- John Oliver urges viewers to refer to Donald Trump as "Donald Drumpf"
- Episode no.: Season 3 Episode 3 (segment)
- Presented by: John Oliver
- Original air date: February 28, 2016
- Running time: 22 minutes

= Donald Trump (Last Week Tonight with John Oliver) =

"Donald Trump" is a segment of the HBO news satire television series Last Week Tonight with John Oliver that is devoted to Donald Trump, later the president of the United States. It first aired on February 28, 2016, as part of the third episode of Last Week Tonights third season, when Trump was the frontrunner for the Republican Party nomination for the presidency. During the 22-minute segment, comedian John Oliver discusses Trump's 2016 presidential campaign and his career in business. Oliver outlines Trump's campaign rhetoric, varying political positions, and failed business ventures. The comedian also criticizes Trump for making offensive and false statements, and says the Trump family name was changed at one point from the ancestral name Drumpf.
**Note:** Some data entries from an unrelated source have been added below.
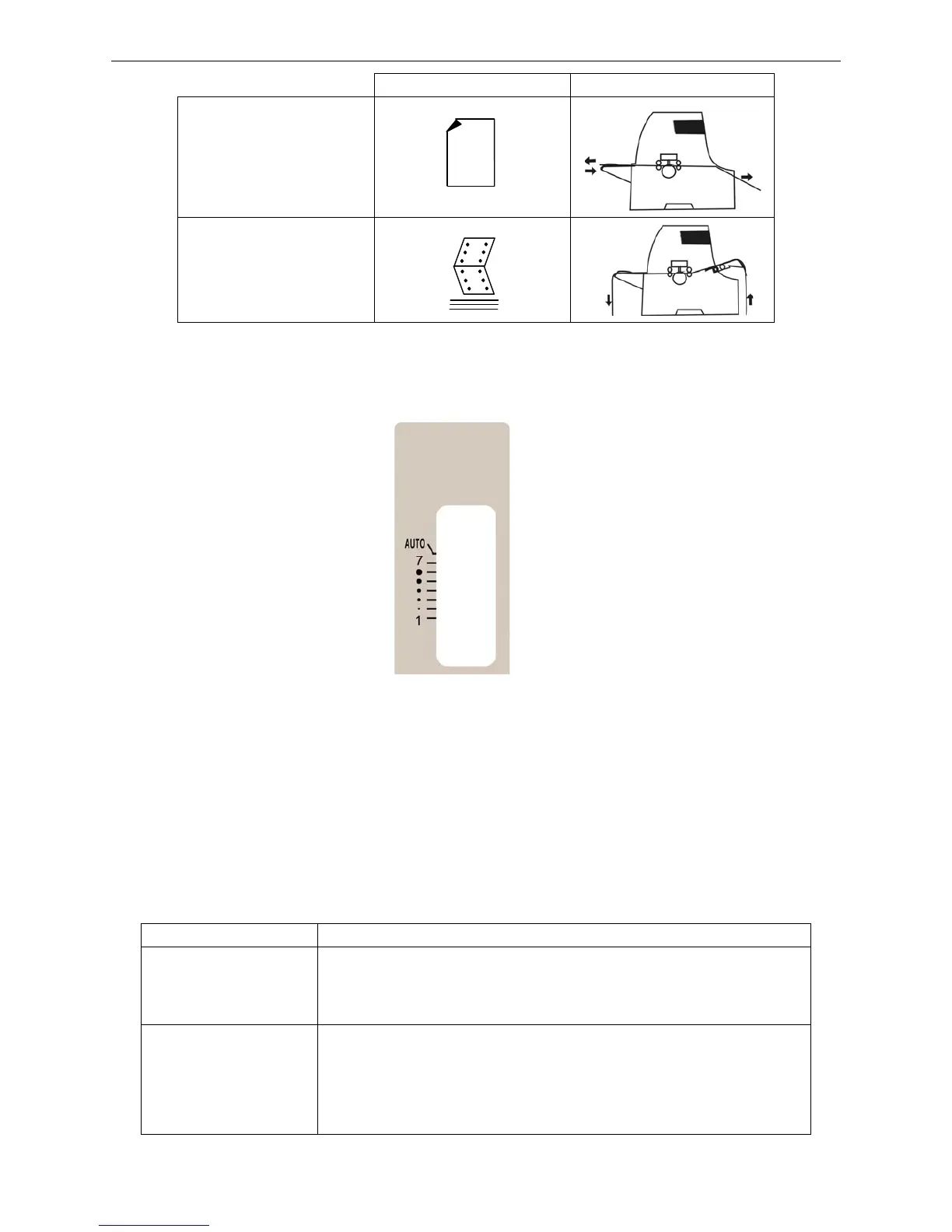 1. When the lever is in AUTO position, the printer will measure the paper thickness before printing
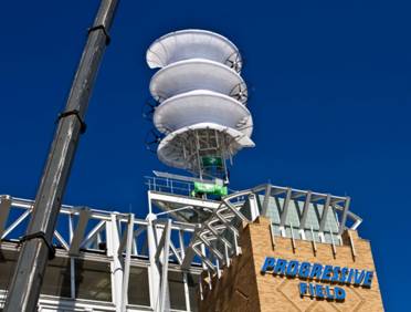 The 18-foot-wide helix turbine will generate approximately 40,000 kilowatt hours per year (about the same energy used to power four homes) Both CSU and the Cleveland Indians hope that the installation of this pioneering wind tower will spur the development of alternative energy in Northeast Ohio.
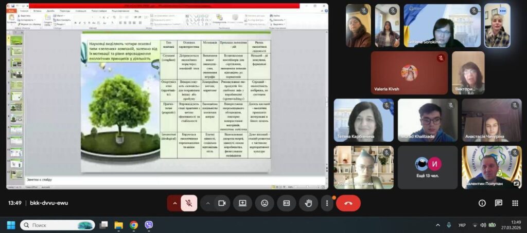 Під час лекції обговорено ключові аспекти сталого розвитку, екологічного маркування та сертифікації бізнесу, а також сучасні виклики у сфері екологічної безпеки, які постають безпосередньо як перед державою, так і перед виробничими, торговельними підприємствами та індустрією гостинності.
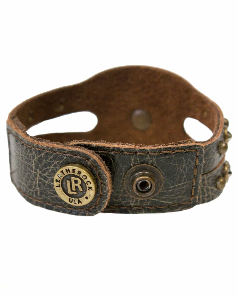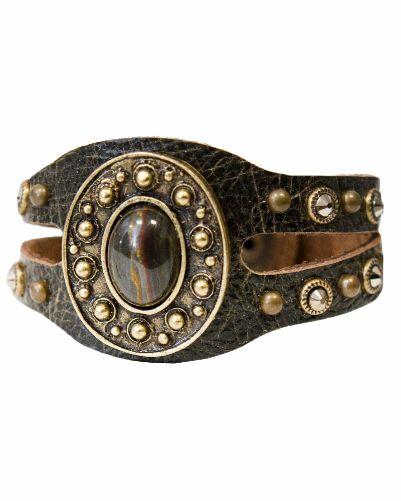 Studded leather strips draw the eye towards a semi-precious centerpiece.Â
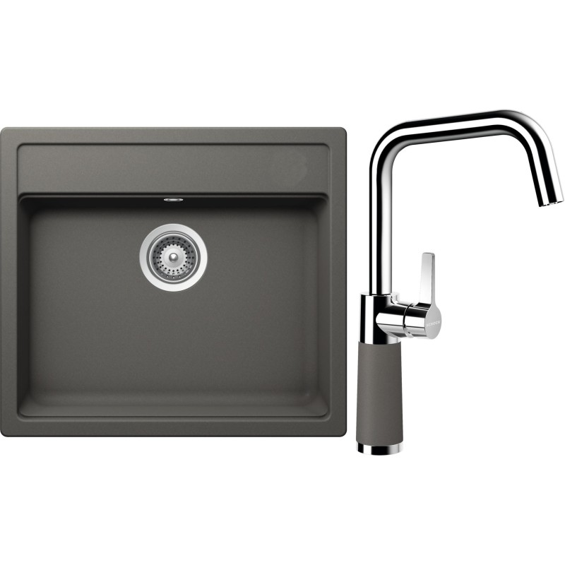 Cenově zvýhodněný set dřezu a baterie Schock S9-8 - obsahuje granitový jednodřez Mono N-100 Silverstone a baterii SC-530 Silverstone.
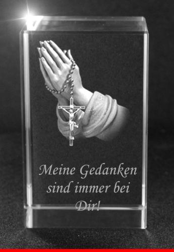 Produktinformationen "3D Glasquader Motiv: Betende Hände Meine Gedanken sind immer bei Dir"
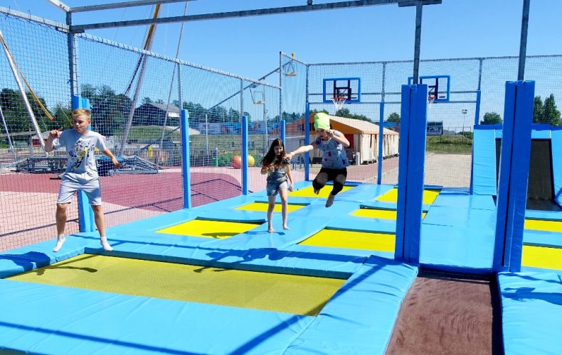 Батутный комплекс подходит для детей от 3 лет и взрослых с ограничением по весу до 100 кг. Батут имеет ширину 10 м и длину 15 м, а его прыжковая зона разделена на 16 секций, поэтому одновременно на нем могут заниматься 8 посетителей. Батуты также имеют новые и интересные функции, такие как две наклонные поверхности и баскетбольные кольца.
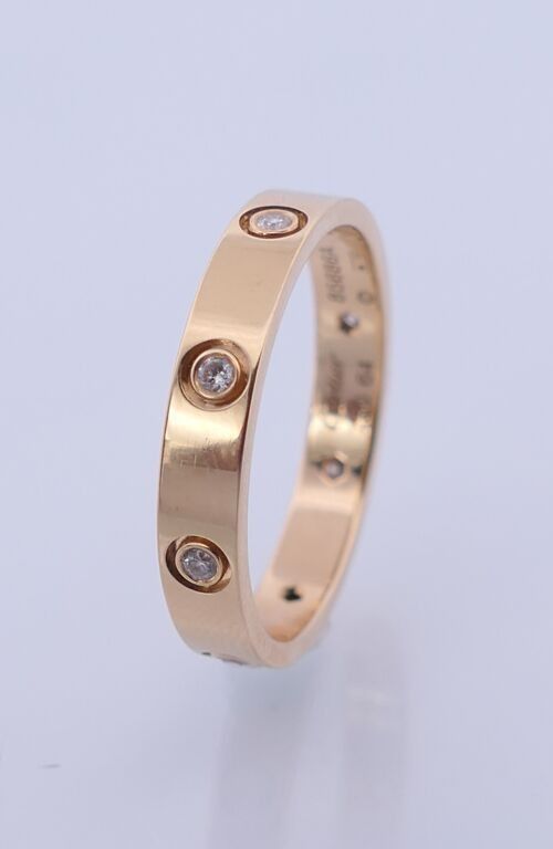 Cartier. Love" diamond ring in 750 yellow gold set with 8 diamonds. Signed and numbered. B.P.: 4.2g. TDD: 64. With box.
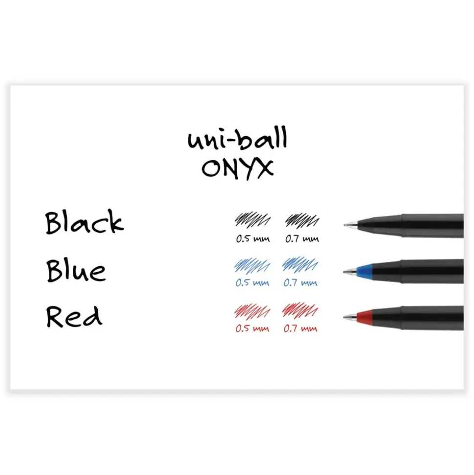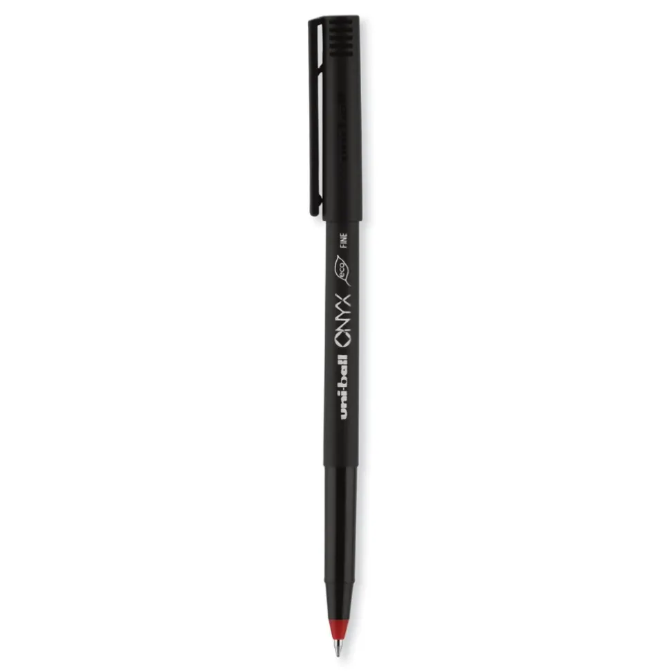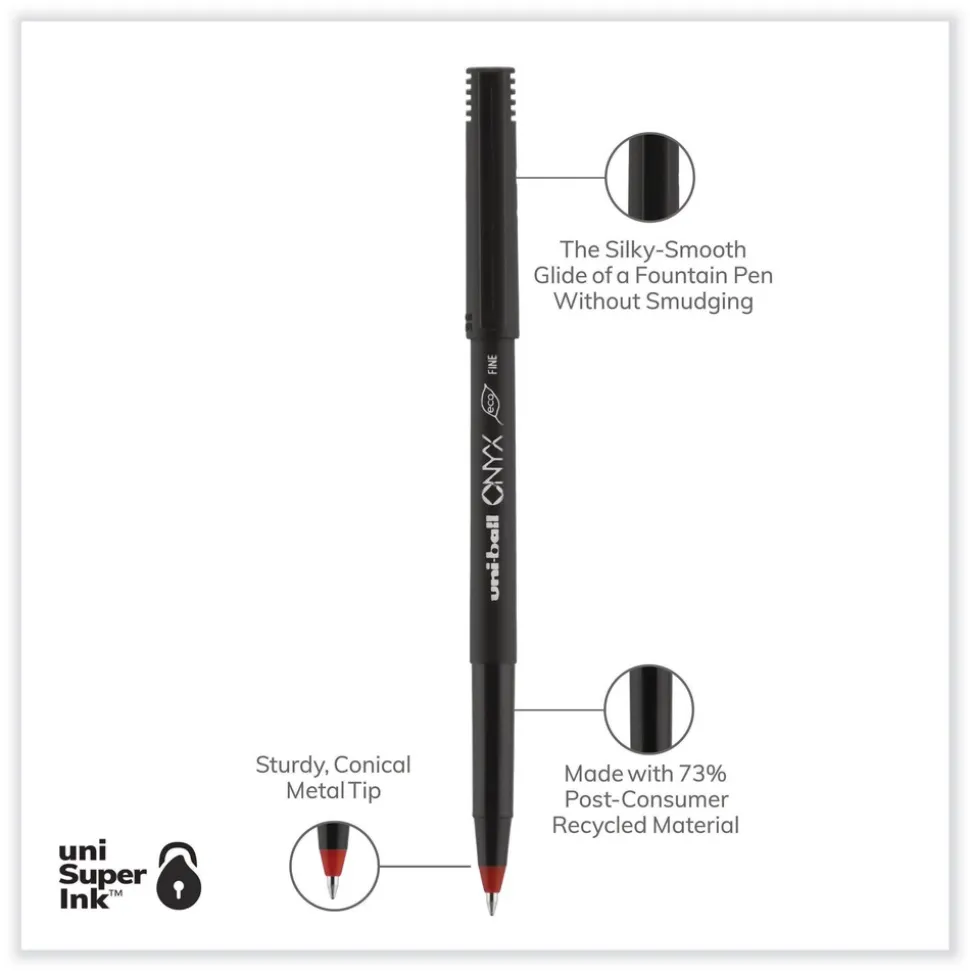 Stock your office, home or classroom with Onyx Rollerball Stick Pens from uni-ball featuring strong, long lasting tip sizes. This rollerball pen delivers the silky-smooth glide of a fountain pen without smudging for effortless writing. ONYX pens produce crisp and precise lines for intricate writing, making it easy to create super fine details in your drawings and diagrams. Capped roller pens are useful for a variety of tasks from note taking to signing checks and legal documents to uniquely embellishing fun and creative writing projects. Innovative uni Super Ink technology forms a strong bond with the paper, protecting from water, fading and fraud. A great economic and environmentally-conscious choice as this super sleek micro point roller pen is made from post-consumer recycled material.

The satirical segment went viral on YouTube and Facebook. By Super Tuesday on March 1, two days after broadcast, Google searches for "Donald Drumpf" had surpassed those for both Ted Cruz and Marco Rubio, who were then competing with Trump for the Republican Party nomination. In eight days, the segment accumulated 19 million views on YouTube, making it Last Week Tonights most popular segment there. By the end of March, it had received a combined 85 million views on YouTube and Facebook. The segment popularized the term "Donald Drumpf", a name for Trump that Oliver uses toward the end of the segment. Oliver intended the term to uncouple the grandeur of the Trump name so the latter's supporters could acknowledge his political and entrepreneurial flaws. The comedian promoted a campaign urging viewers to "Make Donald Drumpf Again", a play on Trump's "Make America Great Again" campaign slogan. Oliver coined a hashtag and registered a web domain to promote the term; the website offered a Google Chrome extension to change instances of "Trump" to "Drumpf" and sold baseball caps with the slogan "Make Donald Drumpf Again".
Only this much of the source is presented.